Unterstützte SSH-Schlüssel

Die Firewall unterstützt die folgenden SSH-Schlüsseltypen:

• RSA-Schlüssel mit einer Mindestgröße von 2048 Bit
• DSA-Schlüssel mit einer Mindestgröße von 2048 Bit
• ECDSA-Schlüssel mit Ausnahme des ED25519-Algorithmus

Generieren Sie ein öffentliches/privates Schlüsselpaar

Um ein Schlüsselpaar zu generieren, gehen Sie wie folgt vor:

1. Verwenden Sie ein SSH-Tool wie beispielsweise PuTTYgen und generieren Sie ein öffentliches/privates Schlüsselpaar.

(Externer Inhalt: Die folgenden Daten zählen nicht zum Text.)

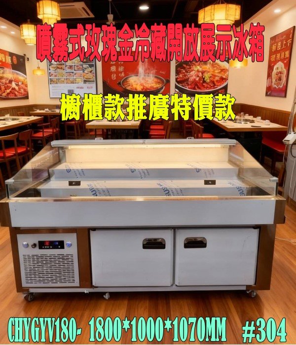 限量推廣款特價6尺噴霧玫瑰金開放式展示櫥櫃款冷藏冰箱/台灣專利所有304款台灣現貨組裝/水霧牛肉保鮮冰櫃海產店火鍋麻辣燙鹽酥雞滷味魯味炭烤碳烤燒肉烤肉

2. Kopieren Sie den öffentlichen Schlüssel.

   Sie müssen es später in die Firewall einfügen.

3. Laden Sie die private Schlüsseldatei herunter.

4. Teilen Sie die private Schlüsseldatei mit dem Administrator, der einen sicheren Zugriff auf die Befehlszeilenschnittstelle benötigt.

Fügen Sie den öffentlichen Schlüssel zur Firewall hinzu.

Um einen sicheren Zugriff auf die CLI mithilfe des SSH-Schlüssels zu ermöglichen, gehen Sie wie folgt vor:

1. Gehe zu Verwaltung > Gerätezugriff, scrollen Sie nach unten zu Public-Key-Authentifizierung für Administratoren: und schalten Sie ein Authentifizierung aktivieren.

2. Unter Autorisierte Schlüssel: Fügen Sie den öffentlichen Schlüssel ein und klicken Sie auf die Plus-Schaltfläche.

   

3. Klicken Anwenden.

   Der Anwenden Die Schaltfläche wird benutzerdefinierten Administratoren nicht angezeigt.

Administratoren müssen den privaten Schlüssel in das von ihnen verwendete SSH-Tool, beispielsweise PuTTY, eingeben.